1

I am using Python2.7 to write Set Data Struction. But I got confused to when using Dict.get. Here is my code:

#!/usr/bin/env python
# -*- coding:UTF-8
__author__ = 'shenshijun'


class Node(object):
    def __init__(self, key, weight):
        """Constructor for """
        self.key = key
        self.weight = weight

    def __cmp__(self, other):
        return cmp(self.key, other.key)

    def __str__(self):
        return "".join(['Node(key=', str(self.key), ',weight=', str(self.weight), ")"])


__dict = {}
a1 = Node('A', 1)
a2 = Node('A', 2)
__dict[a1] = a1
print a1 == a2
print(__dict.get(a2))

the output of this code is the following:

True None

So I guess that Python use is operator to compare the keys when searching. Can someone one find the truth?

The Python I used:

2.7.5 (default, Mar  9 2014, 22:15:05) 
[GCC 4.2.1 Compatible Apple LLVM 5.0 (clang-500.0.68)]

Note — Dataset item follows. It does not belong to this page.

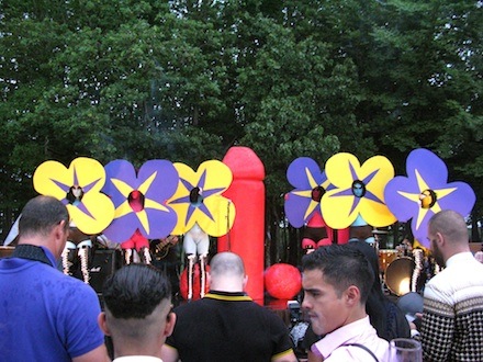 On the event’s main stage, set up behind the building, Paul McCarthy’s giant Butt Plug – a 60 foot inflatable rendering of the titular sex toy – swayed menacingly in the evening’s moody weather, a condition which effectively heightened the work’s power, turning the the sculpture into a performance of sorts. Guests crowded the silent auction tent, tippling and chatting, or braved the storm to explore the performances and installations in the surrounding woods, wandering a gravelly path flanked again by torches. Desi Santiago’s large-scale neon inflatable sculptures also helped to light the path, producing a Bruce Nauman-like sense of ominous humor. Santiago was recently lauded for his work in “Louis Vuitton Marc Jacobs”, at the Musée des Arts Decoratifs, Paris, where his subversive mannequin heads drew attention.
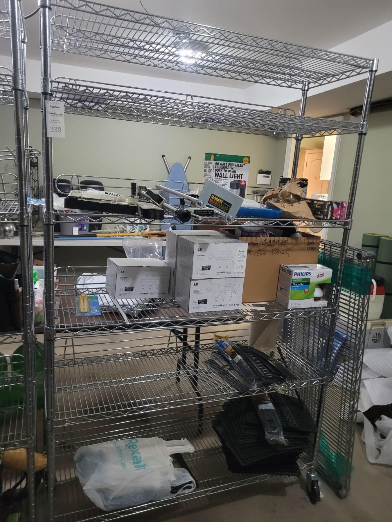 Adjustable metal shelving, includes 2 extra shelves. 43x18x77 Pick up 11:30-12:00

I have just solve my problem, but any suggestions about how to implements __hash__ in this situation?

ssj
  • 1,737
  • 2
  • 16
  • 28
  • 2
    Not 100% sure, but `dict` is a hash map, so it uses the hash code for storing the items into "buckets", and since you do not implement `__hash__`, it uses the default hashcode, i.e. the memory address. And since the hashed do not match, there's no reason to check for equality. – tobias_k Dec 19 '14 at 14:54
  • 2
    dicts use `__hash__`, `==` uses `__eq__` – acushner Dec 19 '14 at 14:55

2 Answers2

2

you have an equality on a1 and a2, but they are not the same object, indeed the reference has changed, so then

print a1 is a2  # False
print(__dict.get(a1)) # Node(key=A,weight=1)
print(__dict.get(a2)) # None

a1 is not the same object as a2, the key to a1 references the node, but not a2.

EDIT

As @tobias_k says, you can override the __hash__ function to do a different way to store hash references instead the memory address, for example :

class Node(object):
    def __init__(self, key, weight):
        """Constructor for """
        self.key = key
        self.weight = weight

    def __cmp__(self, other):
        return cmp(self.key, other.key)

    def __str__(self):
        return "".join(['Node(key=', str(self.key), ',weight=', str(self.weight), ")"])

    def __hash__(self):
        return ord(self.key)

__dict = {}
a1 = Node('A', 1)
a2 = Node('A', 2)
__dict[a1] = a1
print a1 == a2 # True
print a1 is a2 # False 
print(__dict.get(a1)) # Node(key=A,weight=1)
print(__dict.get(a2)) # Node(key=A,weight=1)
markcial
  • 9,041
  • 4
  • 31
  • 41
  • the `ord` function used in your version of `__hash__` is nowhere to find in Python builtins. Where did you get it? – ssj Dec 19 '14 at 15:06
  • "you can override the `__hash__` function to do a different way to store hash references" I think this is an understatement. This is not a different, but _the right_ way to use a hashmap. Also, whenever you implement `__eq__` or `__cmp__` you _should_ also implement `__hash__` or all sorts of strange things will happen -- as in OP's question. – tobias_k Dec 19 '14 at 15:14
  • I am sorry, maybe it is because english is not my native language. But I am not very sure if i got this point right, i can't see anything wrong about my sentence, or perhaps were you doing some kind of precission i am missing, if it is so, then thanks :) – markcial Dec 19 '14 at 15:22
2

When you look up a key in a dictionary, it does not right away test for equality. At first, it checks the hash code, to determine the "bucket" where the item should be if it were in the dictionary, and only then it checks for equality.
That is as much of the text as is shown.